Latest data from the Bangko Sentral ng Pilipinas (BSP) showed thrift banks’ net profit rose by 11.8 percent to P5.86 billion in the first quarter from P5.24 billion in the same quarter last year.
Total operating income jumped by 27.6 percent to P28.84 billion, supported by a 24.7-percent increase in net interest income to P24.77 billion. Non-interest income climbed by 48.7 percent to P4.06 billion, while fees and commissions more than doubled to P3.62 billion.
Araneta said the industry’s latest performance shows thrift banks are not merely growing, but strengthening their role as community-based lenders for households and micro, small and medium enterprises even as competition intensifies from digital banks, fintech firms and electronic money issuers.
“These are not incremental gains. They are structural signals of strength,” Araneta said. “They show that thrift banks are not only stable, we are expanding responsibly and competitively.”
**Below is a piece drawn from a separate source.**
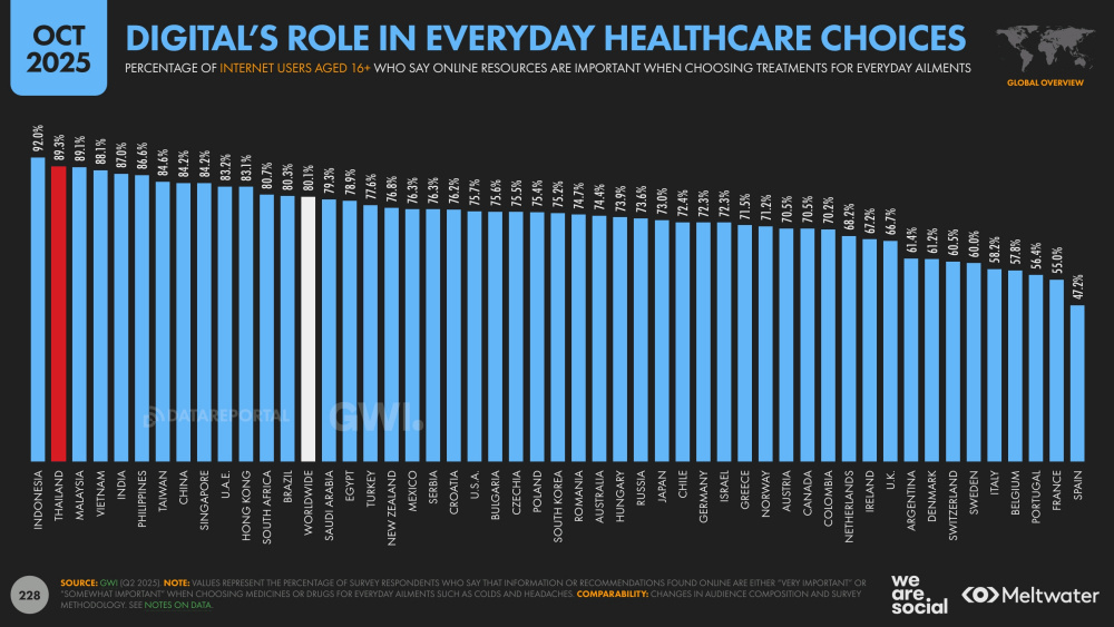 จากข้อมูลระบุว่า 89.3% ของคนไทย ให้ความสำคัญอย่างยิ่งกับข้อมูลดิจิทัลในการดูสุขภาพทุกวัน และประเทศไทยยังติดอันดับ 2 ของโลก รองจากอินโดนีเซียที่ให้ความสำคัญกับข้อมูลดิจิทัลในการดูสุขภาพทุกวันถึง 92% ขณะที่ค่าเฉลี่ยทั่วโลกในการใช้ข้อมูลดิจิทัลเพื่อดูสุขภาพทุกวันอยู่ที่เพียง 80.1% แม้ว่าคนไทยจะเชื่อข้อมูลดิจิทัลเหล่านั้น แต่เมื่อดูการใช้งานแอปฯ ด้านสุขภาพหรือฟิตเนสกลับอยู่ที่เพียง 25.2% ต่อเดือน
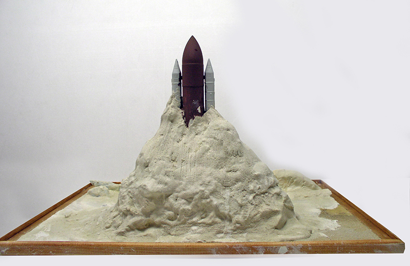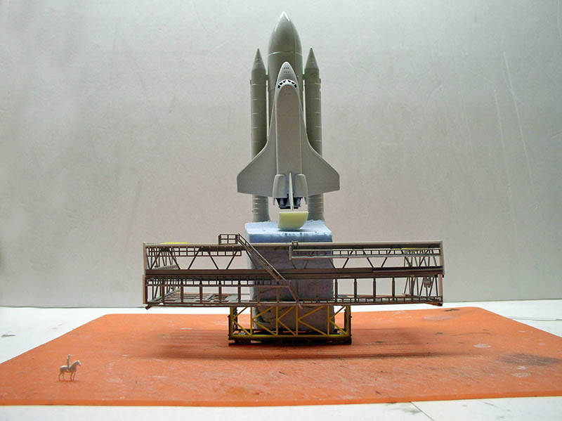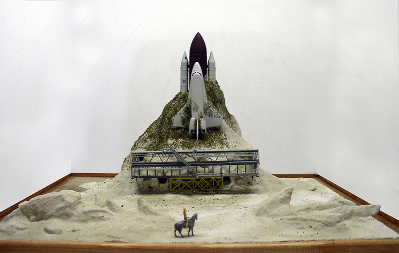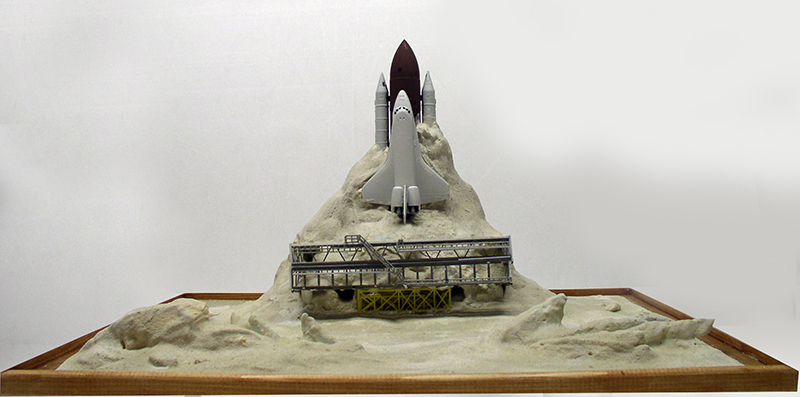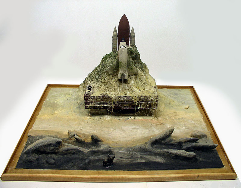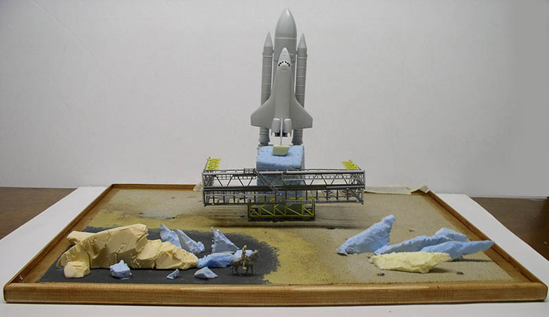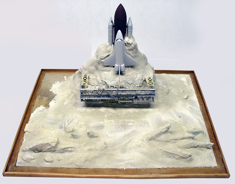 Une bande plâtrée est utilisée pour fixer l'assise du pas de tir et de la navette avec ses réservoirs. Puis du plâtre plus liquide pour l'environnement et les rochers. Enfin, du plâtre plus ferme pour faire la "mesa" constituée par les sédiments accumulés autour de la fusée...

The sector also continued to expand its balance sheet. Total assets rose by 11 percent to P1.4 trillion as of end-May from P1.27 trillion in the same period last year on the back of steady loan growth, stronger deposits and a wider capital base.
The sector’s gross total loan portfolio grew by 13.4 percent to P1.07 trillion from P939.67 billion a year earlier, reflecting continued demand for credit from households and small businesses.
Deposit liabilities also increased by 10.5 percent to P1.06 trillion from P956.75 billion a year ago, underscoring the sector’s stable funding base despite increasing competition from universal banks, digital banks and electronic money issuers.
“Moving forward, the CTB remains dedicated to partnering with the BSP to advance measures that drive operational efficiencies across the sector,” Araneta said.